[[ Extracted records, beginning ]]
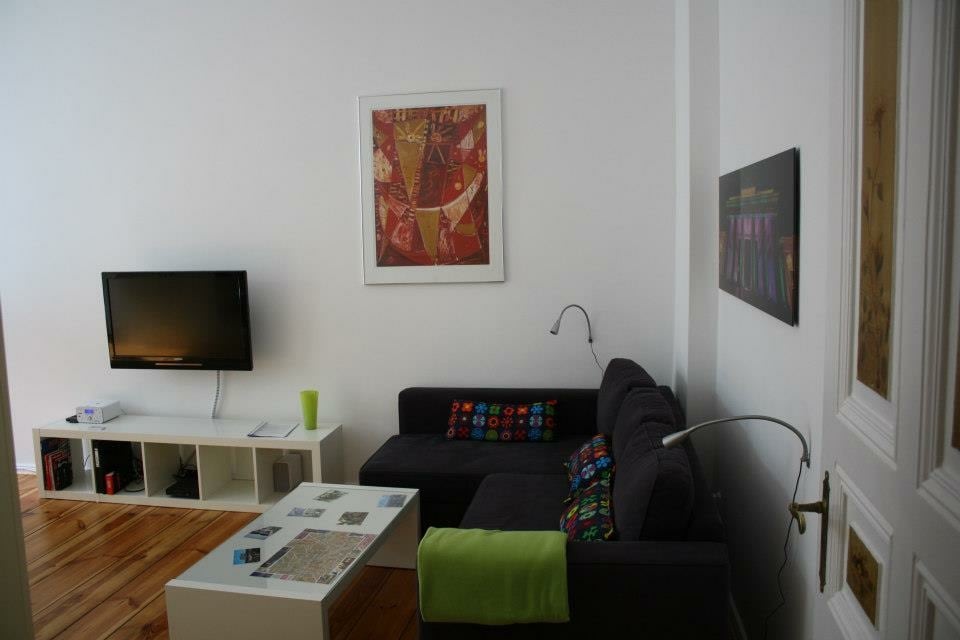 Sunny refurbished apartment in the heart of Berlin. The apartment has two rooms, including a large quiet bedroom facing the inner court yard and south facing living area with an oversized comfy sofa, dining room table and height adjustable work desk. Off the living room, lies a furnished balcony with table and chairs and lots of direct sunlight. There is a modernised bathroom with washing machine and standing shower as well as a seperate kitchen with dishwasher and full cooking facilities.
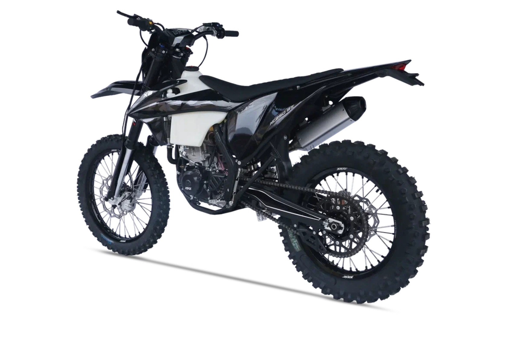 Комплектация Руль 28мм. Короткоходная ручка газа. Цепь 520. Алюминиевая лапка КПП, боковые накладки на рамы. Счетчик моточасов, приборная панель. Стоп сигнал, Грипсы Lock on, Пластиковая защита радиатора,
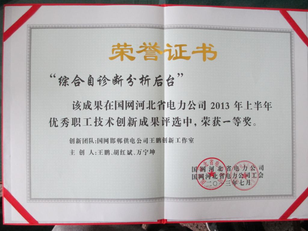 2010年经过三个月的刻苦学习,获得河北省电力公司厂站端调试检修员竞赛团体二等奖,个人第五名。在省公司综自专业比赛回来后,主持了变电检修二工区220kV留旺站的综自改造工作。在留旺站的综自改造期间,积极将自己学习到的自动化知识应用工程实际中去,取得了显著的效益。例如,利用自身继电保护专业优势,将常规变电站中央信号原理应用到变电站综合自动化系统远方事故退画面功能当中,解决该原有该技术不可靠的难题。该课题与利用手机短信普及自动化知识的课题一起在当年被河北省电力公司自动化专业推广。
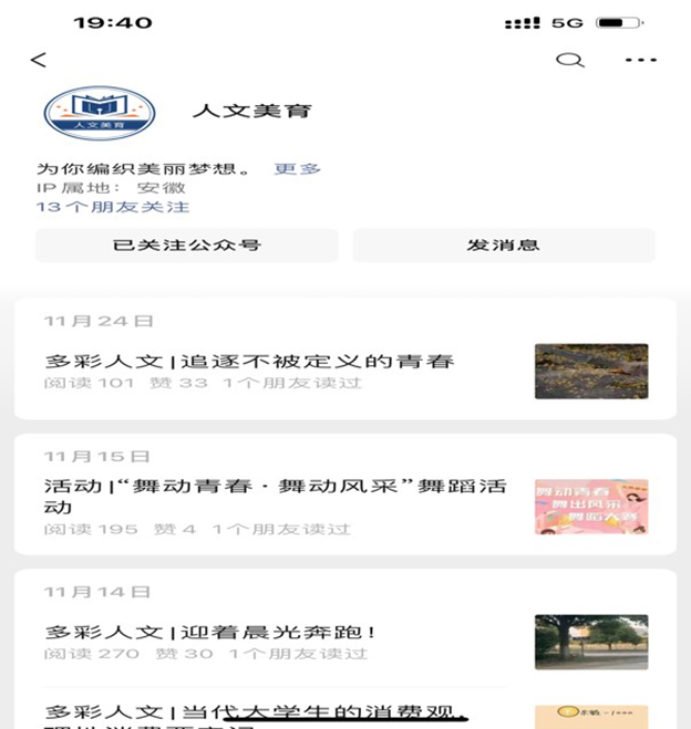 “人文美育”公众号是人文与外国语学院2022年4月开通的微信公众号平台,主要发布学院最新动态,学生健康成长、良好学习以及美好校园生活的时时记录,也为加强引领学生树立正确的世界观、人生观、价值观。公众号面向全院师生,广泛接受师生投稿,致力于营造服务广大师生、提升学院高质量发展,也是学院美育教育实践基地的优质平台。
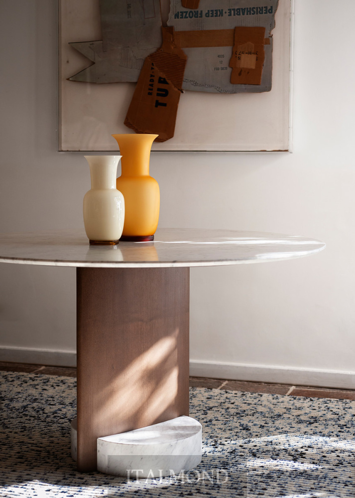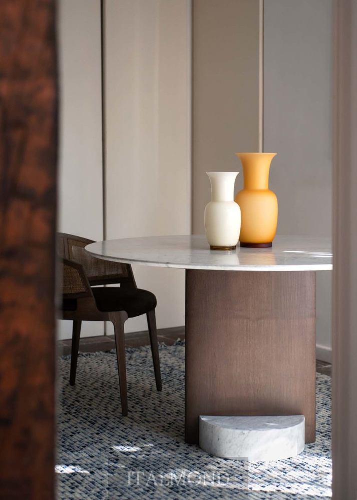 - Цвет и декор:Коллекция Syn исследует взаимосвязь между многогранными объемами, которые, объединяясь, создают уникальный предмет мебели. Эта серия представлена двумя обеденными столами с круглыми и прямоугольными столешницами, главным элементом которых является основание, составленное из взаимодействия форм и материалов. Основание символизирует сердце проекта: две, казалось бы, далекие друг от друга формы, параллелепипед и цилиндр, пересекаются, образуя единый величественный объем.
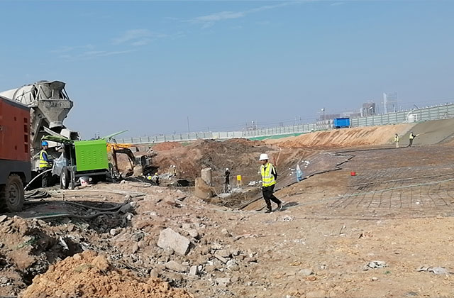 混凝土噴漿機(jī)是利用壓縮空氣或其它動力,將按一定比例配合的拌和料通過管道輸送并高速噴射到受噴面上凝結(jié)硬化,從而形成混凝土支護(hù)層。噴射混凝土技術(shù)工藝簡便,施工造價(jià)低,適應(yīng)面廣,在各種建筑領(lǐng)域內(nèi)發(fā)揮了重要作用。
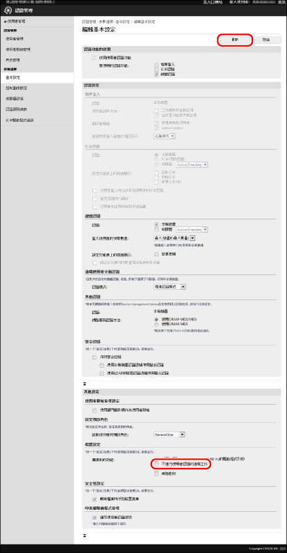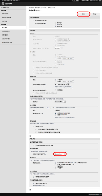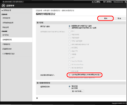 如果選擇「功能層級登入」,則在建立/編輯自訂角色及編輯來賓角色時應特別小心,確保套用至已註冊使用者的限制不會比套用至未註冊使用者的限制更嚴格。如果套用至已註冊使用者的限制比套用至未註冊使用者的限制更嚴格,則登入後可使用的功能數量將會比登入前少,而導致不適當的使用者管理。 |
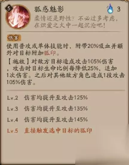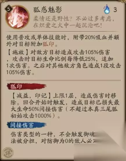 大招:狐惑魅影 伤害 使用普攻或单体技能时,附带20%吸血并额外对目标附加狐印。 【施放】对敌方目标造成攻击105%伤害,攻击时目标生命比例每降低25%,追加1次伤害。之后对其他敌方角色造成1段攻击105%伤害。 狐印 【减益,印记】上限1层,造成伤害时移除。回合开始时触发,造成目标已损失最大生命50%间接伤害(不超过本真三尾狐初始攻击1000%)。 间接伤害 伤害类型的一种,不会触发御魂效果,无法被分担,对防御为0的敌人必定暴击。 Lv.2 伤害均提升至攻击125% Lv.3 伤害均提升至攻击135% Lv.4 伤害均提升至攻击145% Lv.5 直接触发选中目标的狐印
[[ Extracted records, end ]]
Exercise goal:
Would you return all of the entries unchanged while omitting the images?

Solution:
 Sunny refurbished apartment in the heart of Berlin. The apartment has two rooms, including a large quiet bedroom facing the inner court yard and south facing living area with an oversized comfy sofa, dining room table and height adjustable work desk. Off the living room, lies a furnished balcony with table and chairs and lots of direct sunlight. There is a modernised bathroom with washing machine and standing shower as well as a seperate kitchen with dishwasher and full cooking facilities.
 Комплектация Руль 28мм. Короткоходная ручка газа. Цепь 520. Алюминиевая лапка КПП, боковые накладки на рамы. Счетчик моточасов, приборная панель. Стоп сигнал, Грипсы Lock on, Пластиковая защита радиатора,
 2010年经过三个月的刻苦学习,获得河北省电力公司厂站端调试检修员竞赛团体二等奖,个人第五名。在省公司综自专业比赛回来后,主持了变电检修二工区220kV留旺站的综自改造工作。在留旺站的综自改造期间,积极将自己学习到的自动化知识应用工程实际中去,取得了显著的效益。例如,利用自身继电保护专业优势,将常规变电站中央信号原理应用到变电站综合自动化系统远方事故退画面功能当中,解决该原有该技术不可靠的难题。该课题与利用手机短信普及自动化知识的课题一起在当年被河北省电力公司自动化专业推广。
 “人文美育”公众号是人文与外国语学院2022年4月开通的微信公众号平台,主要发布学院最新动态,学生健康成长、良好学习以及美好校园生活的时时记录,也为加强引领学生树立正确的世界观、人生观、价值观。公众号面向全院师生,广泛接受师生投稿,致力于营造服务广大师生、提升学院高质量发展,也是学院美育教育实践基地的优质平台。
 - Цвет и декор:Коллекция Syn исследует взаимосвязь между многогранными объемами, которые, объединяясь, создают уникальный предмет мебели. Эта серия представлена двумя обеденными столами с круглыми и прямоугольными столешницами, главным элементом которых является основание, составленное из взаимодействия форм и материалов. Основание символизирует сердце проекта: две, казалось бы, далекие друг от друга формы, параллелепипед и цилиндр, пересекаются, образуя единый величественный объем.
 混凝土噴漿機(jī)是利用壓縮空氣或其它動力,將按一定比例配合的拌和料通過管道輸送并高速噴射到受噴面上凝結(jié)硬化,從而形成混凝土支護(hù)層。噴射混凝土技術(shù)工藝簡便,施工造價(jià)低,適應(yīng)面廣,在各種建筑領(lǐng)域內(nèi)發(fā)揮了重要作用。
 如果選擇「功能層級登入」,則在建立/編輯自訂角色及編輯來賓角色時應特別小心,確保套用至已註冊使用者的限制不會比套用至未註冊使用者的限制更嚴格。如果套用至已註冊使用者的限制比套用至未註冊使用者的限制更嚴格,則登入後可使用的功能數量將會比登入前少,而導致不適當的使用者管理。 |
 大招:狐惑魅影 伤害 使用普攻或单体技能时,附带20%吸血并额外对目标附加狐印。 【施放】对敌方目标造成攻击105%伤害,攻击时目标生命比例每降低25%,追加1次伤害。之后对其他敌方角色造成1段攻击105%伤害。 狐印 【减益,印记】上限1层,造成伤害时移除。回合开始时触发,造成目标已损失最大生命50%间接伤害(不超过本真三尾狐初始攻击1000%)。 间接伤害 伤害类型的一种,不会触发御魂效果,无法被分担,对防御为0的敌人必定暴击。 Lv.2 伤害均提升至攻击125% Lv.3 伤害均提升至攻击135% Lv.4 伤害均提升至攻击145% Lv.5 直接触发选中目标的狐印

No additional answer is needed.